Read Defiant Online

Authors: Kris Kennedy

Defiant (25 page)

His eyes slid back to the fire. “I am what I am, Eva. You know what that is, or you do not.”

As he looked at her with his hard, dark, dangerous eyes, Eva saw it all, stretched out before her like a road, the truth of what would be with Jamie. It had already begun. Her heart turned toward him like a flower to the sun.

To her horror, tears of impotent fury pricked at her eyes. This was the dangerous thing she’d seen in him from the first: this connection. But all of it was a lie. A dirty lie. She’d never known it before; what on earth had made her think it was a true thing now?

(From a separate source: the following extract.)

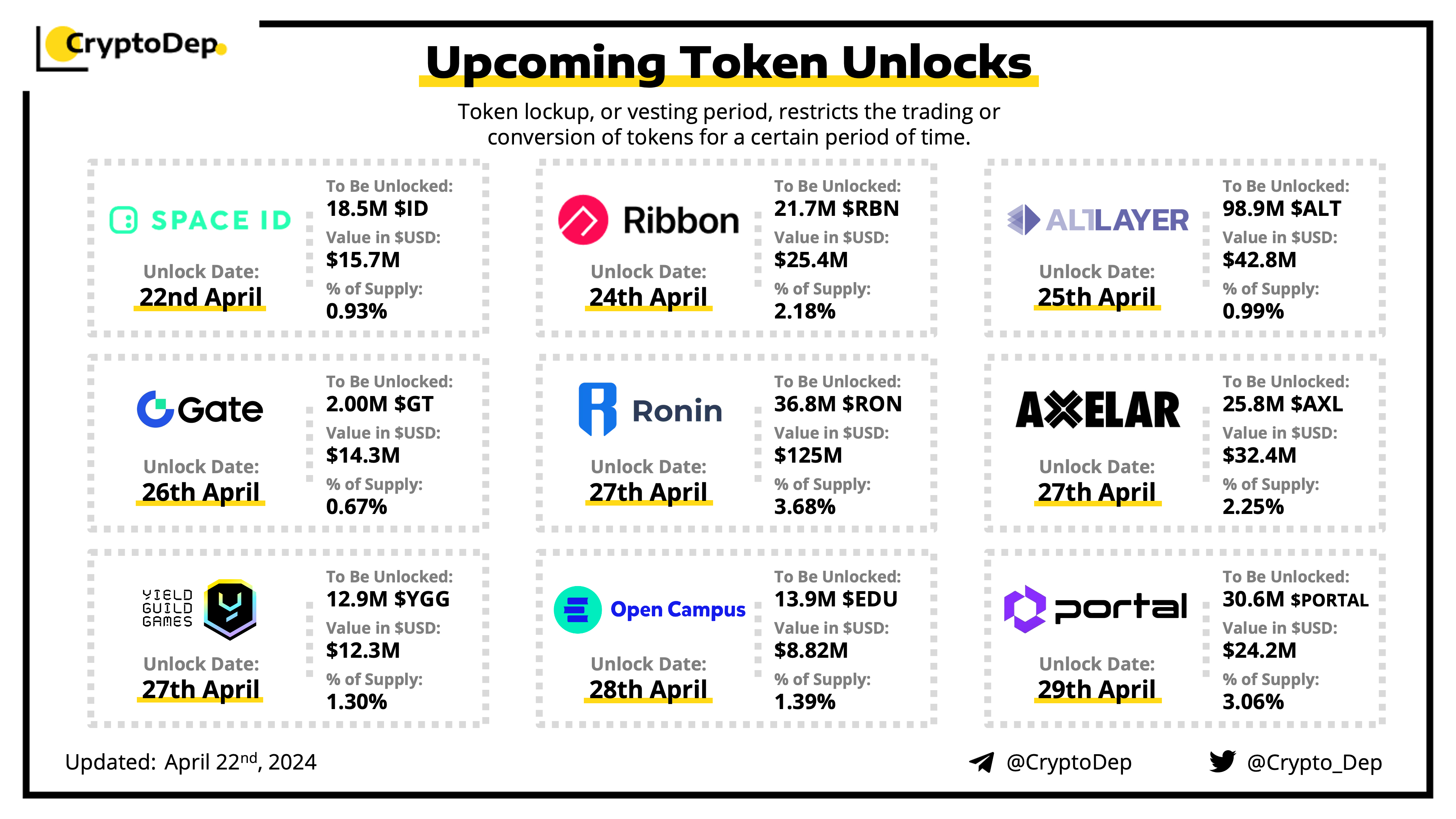 Let's take a look at the compilation of major upcoming token unlocks, diving into details such as dates, amounts, and projects related to tokens that are currently locked up, but will soon be released to the market. During this week, $RON, $ALT, $AXL, $RBN, and $PORTAL will have the biggest unlocks.

This was the truth of her life: everything was exactly as it seemed.

Patterns repeated and people were just as they appeared. Jamie was not decent, no matter how desperately she wished him to be. Given sufficient cause, everyone bent. Even she.

That was what she feared the most.

“Tell me what happened.”

She looked away. “We hid, and then we ran.”

He rolled the tip of his stick in the fire and said quietly, “Some said ’twas a massacre, that night at Everoot.”

She nodded. She did not see the memories anymore, a small gift from God. She recalled what had happened only as dim, rote collections of images, such as one might collect plate or silver.

“I had been living at Everoot for years. I was sent there . . .” She took a breath. “When my mother displeased the king.”

“When was that?”

“When he took the throne.”

“So you lived there for...” He did swift computations. “Six years?”

“Approximately.” She bent over, picked up a twig, and dropped it in the fire. “I know what you must think.”

“What must I think?”

“You suspect I am the Everoot heir.”

His shook his head, his gaze never leaving hers. It was a hard, penetrating look from his night-dark eyes. “Never. You could never have run and left your mother behind.”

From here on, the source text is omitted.